Author: Utkarsh Bhatnagar

Hard

# EXPLANATION:

Solution:

1. Generate all possible pair combinations for A,B and C,D.

2. Assume each array has length n, we will have two arrays, each with length n^2. We call it Merge1 and Merge2.

3. Sort one of our Merge array, let’s say Merge2.
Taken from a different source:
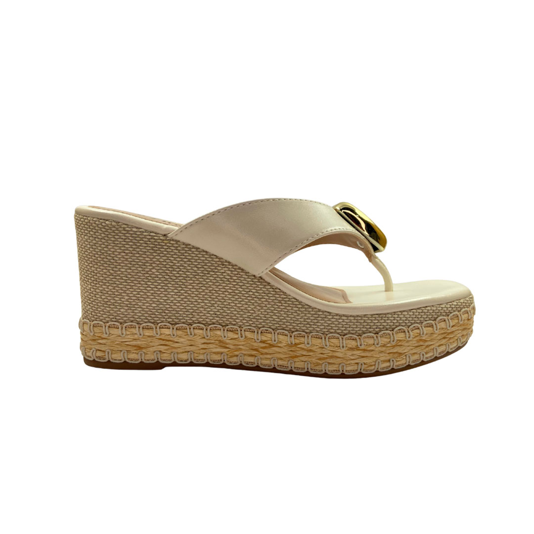 O equilíbrio perfeito entre conforto e sofisticação. Com salto anabela médio revestido em corda, esse modelo traz leveza e um toque rústico moderno. A tira larga no peito do pé ganha destaque com o detalhe metalizado dourado, que adiciona charme e elegância. Versátil e confortável, é a escolha certa para acompanhar suas produções do dia a dia até ocasiões mais especiais.

4. Iterate the non-sort Merge1 array, for each its element, we want to find how many element from Merge2 can pair it up with sum less than or equal to target. We can do a binary search on it.

Time Complexity:

O(n^2) as we have a 2 Merge array. Each one will have at most O(n^2) elements.

# SOLUTION:

Setter's Solution 1(C++)
#include <bits/stdc++.h>
using namespace std;

int BinarySearch(vector<int> &v, int target) {
int ans = -1, l = 0, r = v.size() - 1;
while (l <= r) {
int mid = l + (r - l) / 2;
if (v[mid] <= target) {
ans = mid;
l = mid + 1;
}
else {
r = mid - 1;
}
}
return ans + 1;
}
int solve(vector<int>& A, vector<int>& B, vector<int>& C, vector<int>& D, int target) {
//merging A and B(making all possible combination of a[i]+b[j]) similarly with C and D
vector<int> merge1, merge2;
for (auto i : A) {
for (auto j : B)
merge1.push_back(i + j);
}
for (auto i : C) {
for (auto j : D)
merge2.push_back(i + j);
}
sort(merge2.begin(), merge2.end());
int count = 0;
for (auto i : merge1) {
if (target >= i)
count += BinarySearch(merge2, target - i);
}
return count;
}